Boilerplate: Update to 5fea264b458ec33913afb04eda6ff87d8013d9f4

Conventions:
- openshift/golang-osd-operator: Update
---
openshift/boilerplate@0ba6566...5fea264

commit: e6753c2a4252695328187dad83370e63f308e355
author: Christopher Collins
Updates the version of the openshift-operator-registry image

Updates the version of the openshift-operator-registry image to 4.8.0,
to address several high vulnerabilities found in the 4.7.0 image.

REF: [OSD-6831](https://issues.redhat.com/browse/OSD-6831)

Signed-off-by: Christopher Collins <collins.christopher@gmail.com>

commit: c35da9dd532d5ed389e4e93f83c75fe9e51e98c9
author: Eric Fried
Fix generated-files-checker for go 1.16

go 1.16 is stricter about go.sum being up to date for things like `go
-list`. Fix up the test (case & project) accordingly.

Also add test loops for missing supported asdk versions. Not sure when
we missed those.

Also fix the backing image -- it was hacking the go lib/cache
permissions too early.

Also make it possible to override the backing image used by
`container-make`, to ease debugging when writing commits like this.

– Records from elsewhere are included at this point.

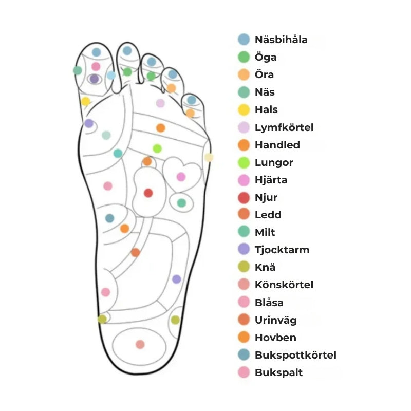 Dessa punkter är inriktade på de viktigaste tryckpunkterna på fotens undersida, vilket lindrar trötthet och smärta och främjar avslappning och allmänt välbefinnande.
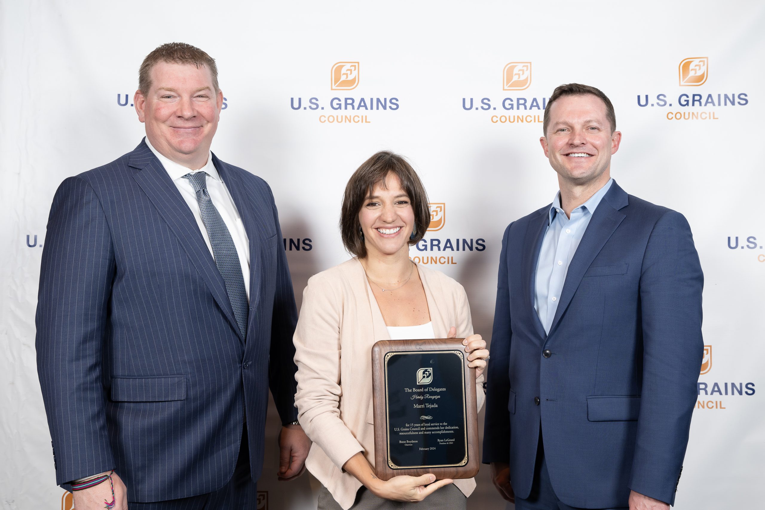 The U.S. Grains Council (USGC) recognized USGC Regional Director in Latin America Marri Tejada for her 15 years of service to the organization at its 21st International Marketing Conference and 64th Annual Membership Meeting in Guatemala City, Guatemala, held Feb. 14-16.
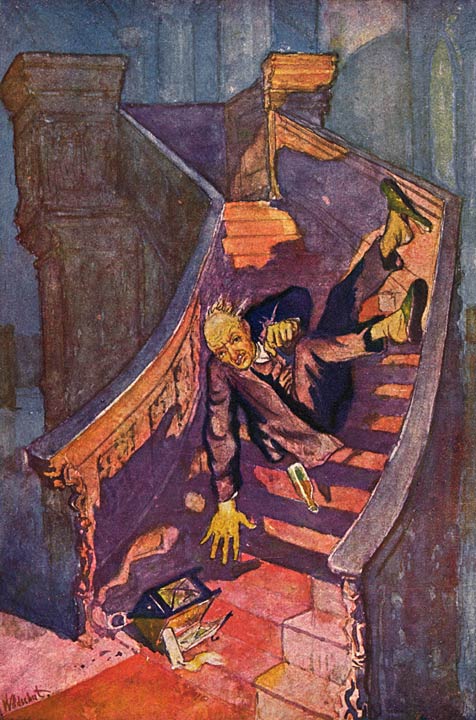Mevrouw staarde hem aan, zenuwachtig omdat hij zoo raar deed. Ze dacht al bij zich zelf: Waar staat de geest van zout, of de eau de cologne!
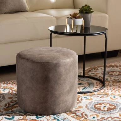 Achieve maximum practicality with this set, which includes an ottoman that nests under the included cocktail table for compact storage in small spaces. Foam padding and polyester upholstery on the ottoman provide comfortable support and sturdy use. Achieve maximum practicality with this set, which includes an ottoman that nests under the included cocktail table for compact storage in small spaces. Foam padding and polyester upholstery on the ottoman provide comfortable support and sturdy use. Glass and metal construction gives the table sleek, modern appeal. Modern and contemporary set includes one (1) table and one (1) ottoman Style: modern Materials: fabric “polyester 100%”, glass, metal Color: grey, brown, black Table is constructed from metal and glass Ottoman is upholstered in polyester fabric and padded with foam Round tabletop Nesting design Includes: one (1) table ; one (1) ottoman Assembly: assembly required Care instruction: spot clean Table overall: 12.6″ high x 13.78″ wide x 15.75″ deep Seating overall: 13.78″ wide x 13.78″ deep x 12.6″ high (from floor) Product weight: 11.24 lbs.
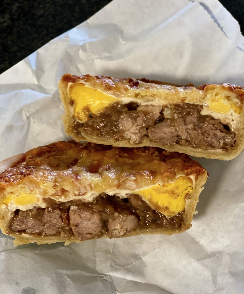 店によって名前はいろいろですが、もし、Meat Pie(ミートパイ)とか Mince Pie(ミンスパイ)とあったら、写真のような牛のひき肉を煮込んだものが入っています。
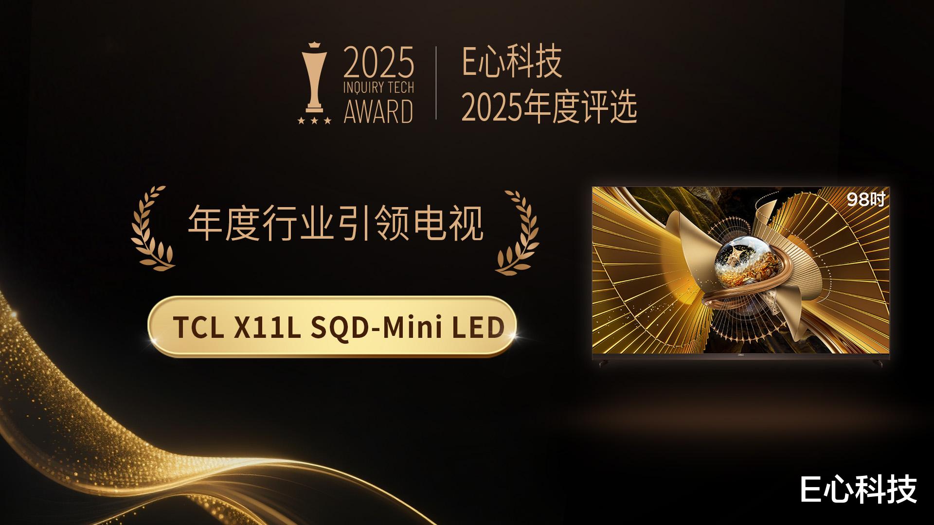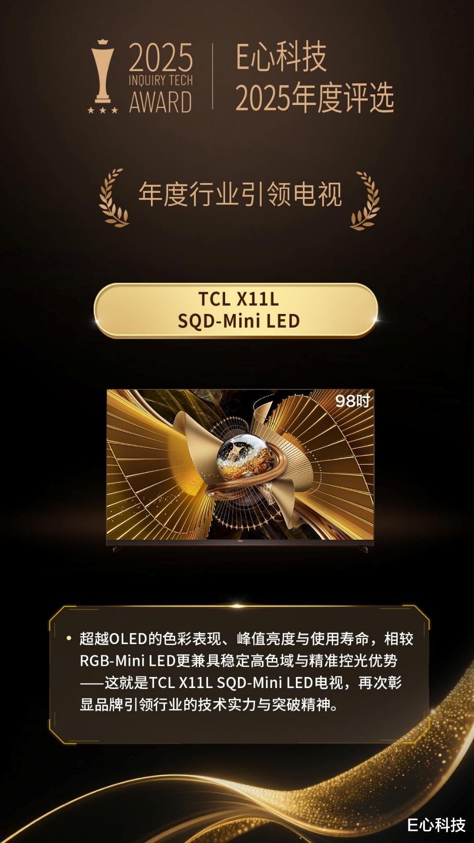 在本次E心科技2025年度评选中,TCL X11L SQD-Mini LED荣获“年度行业引领电视”奖。
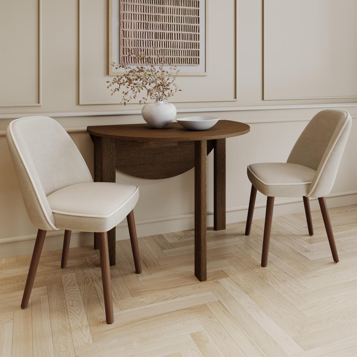 The Nell dining table is your go-to solution for small-space living. Its drop-leaf sides fold in or out in seconds, giving you flexibility whether you're dining solo or with guests. Blending mid-century influences with modern practicality, Nell’s solid oak legs and stained walnut veneer top bring retro character with a rich, warm finish that suits most interiors. Crafted with solid oak legs for a sturdy base, this table doesn't just look good, it stands up to daily use with ease. The Claudia chairs feature a soft and durable beige chenille upholstery that exudes understated luxury, the versatile neutral tone complements a wide range of dining tables and interior styles, ensuring a cohesive look. Go from compact console to full dining setup in a few easy moves. The twin drop-leaf design makes it easy to adjust based on your needs and space. Finished in a beautifully rich walnut stain, the Nell folding dining table combines elegant styling with real-world functionality. Its compact silhouette and clever foldaway design make it ideal for apartments, small kitchens, or anywhere you want style without compromise and paired with the Claudia Dining Chairs designed to blend seamlessly with modern or contemporary decor, these chairs combine timeless elegance with everyday comfort, making them the perfect addition to your dining space. Featuring mid-century modern design, solid walnut wood legs, and luxurious chenille upholstery ready to transform any dining area. These chairs bring a harmonious blend of comfort, durability, and sophistication to any home.

commit: 0acfc9d8d31942977df26f49ec043038d2fd3320
author: Rob Rati
Update to use golang 1.16

commit: c49cf6f755ffab5c6e2ce6e4118b743e83093248
author: Eric Fried
Fix unbound local variable error

...noted in https://ci.int.devshift.net/job/app-sre-deployment-validation-operator-gh-build-master/60/console

commit: 3bcb750bd6dc9120f5458aa44d82fff6973d2171
author: Eric Fried
Improve `subscriber report release`

This commit improves the `subscriber report release` tool in the
following ways:
- It now requires a list of subscribers, or `ALL`, with the same
semantics as `subscriber propose update`.
- It now produces a diff with which you can `patch -R` what's in the
release repository to make it conform.

commit: 9062716c4df7b01b72ba4308e106b4c932ab5649
author: Christopher Collins
Adds .gitattributes to unacceptable_deltas "ignores" list

With a recent update to boilerplate, a .gitattributes file is created
during the bootstrap process.  This is causing failures in the
"framework/04-update-from-master-and-revert" test, which currently
doesn't expect the .gitattributes file to exist, uncommitted, after the
test bootstrap.

This adds the .gitattributes file to the "ignores" list in the
unacceptable_deltas function of boilerplate/update.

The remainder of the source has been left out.